Standardised Internal Processes for Financial Institutions in Monitoring and Handling Potential Anti-money Laundering Cases
Prime Minister's OfficeSpeakers
Summary
This question concerns Ms Sylvia Lim’s inquiry on whether the new Anti-Money Laundering (AML) department will standardize internal processes and how the Enforcement Department’s functions will be strengthened. Minister Tharman Shanmugaratnam clarified that standardizing AML frameworks is unfeasible due to varying institutional risk profiles, though the AML department will consolidate resources to enhance supervisory compliance. He stated that the Enforcement Department will expand its investigative scope to include the banking and insurance sectors, utilizing data analytics to identify market misconduct and serious regulatory lapses. The department will aggregate cross-sector information to anticipate risks and tackle evolving money laundering threats through enhanced market surveillance and coordination with supervisors. Minister Tharman Shanmugaratnam emphasized that MAS will take swift action and publicize sanctions against errant institutions to deter unethical behavior and maintain the integrity of the financial sector.
Transcript
69 Ms Sylvia Lim asked the Prime Minister (a) whether the recently-announced dedicated Anti-Money Laundering (AML) department within MAS will standardise internal processes in all financial institutions with regard to monitoring and handling potential AML cases; and (b) in what ways will the enforcement functions of the new Enforcement Department be strengthened and how will these differ from past practice.
Mr Tharman Shanmugaratnam (for the Prime Minister): The Monetary Authority of Singapore (MAS) has in place strict anti-money laundering and countering the financing of terrorism (AML/CFT) rules for the financial sector. They are closely aligned with international standards.
The rules require financial institutions to conduct robust "know-your-customer" (KYC) checks, monitor customers’ transactions on an ongoing basis, and file suspicious transaction reports with the Commercial Affairs Department when suspicious activities are detected. The task at hand is, therefore, not about imposing more or stricter rules, but strengthening the financial sector's implementation of existing regulatory requirements.
The recently established AML Department within MAS will consolidate and enhance our AML/CFT supervisory resources. It will provide a dedicated supervisory focus with regard to financial institutions' compliance with MAS’ AML/CFT rules and raising industry standards. This consolidated function will engage actively with the industry to share perspectives on emerging money laundering and terrorism financing risks and typologies, as well as best practices in AML/CFT controls. It will also conduct more frequent focused inspections of financial institutions identified as facing higher risks in this area. MAS will take regulatory actions against those financial institutions whose AML/CFT practices fall short of the expected standards. MAS will also make public its sanctions against persistently or egregiously errant financial institutions.

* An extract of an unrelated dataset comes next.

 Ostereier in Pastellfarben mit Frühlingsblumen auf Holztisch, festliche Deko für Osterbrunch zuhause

While certain responsibilities, such as robust KYC checks, are common to all financial institutions, it is not possible to standardise AML/CFT frameworks, systems and processes. This is because different financial activities and institutions vary with regard to the nature of the business and their customer bases and, consequently, face different money laundering and terrorism financing risks. The risk management systems and controls adopted by a financial institution should, therefore, be suited to its business and commensurate with its risk profile.

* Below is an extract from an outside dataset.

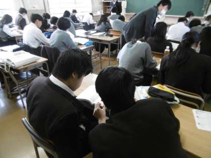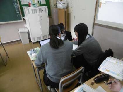 2組でも教え合い活動が行われていました。解き方が分からない子へ教えることで、自分の学力もさらに高まります。仲の良い学年らしい光景でした。

With a financial centre that comprises more than 1,500 financial institutions, it is not possible to prevent regulatory breaches and misconduct, even with intrusive supervision. A strong enforcement capability is, hence, necessary to investigate and take swift action where there are breaches of the law. Enforcement helps shape the behaviour of market participants, by deterring unethical behaviour and complacency.
The new Enforcement Department consolidates the current resources and expertise within MAS that is devoted to the investigation of breaches in the rules and regulations administered by MAS. The department will expand its ambit beyond capital market misconduct offences, to include the banking and insurance sectors. It will coordinate efforts with MAS supervisors in various sectors within the financial industry, to detect and investigate serious lapses or instances of misconduct.
The Enforcement Department will also aggregate and review different pools of information from across different financial sectors to anticipate risks, identify patterns and investigate potential misconduct and market abuses. The department is stepping up the use of data analytics to enhance market surveillance to help identify potential market misconduct and investigate specific offences.
Together, the new department will enhance MAS' ability to anticipate, detect and investigate serious regulatory breaches, as well as tackle money laundering and terrorist financing risks as they continue to evolve.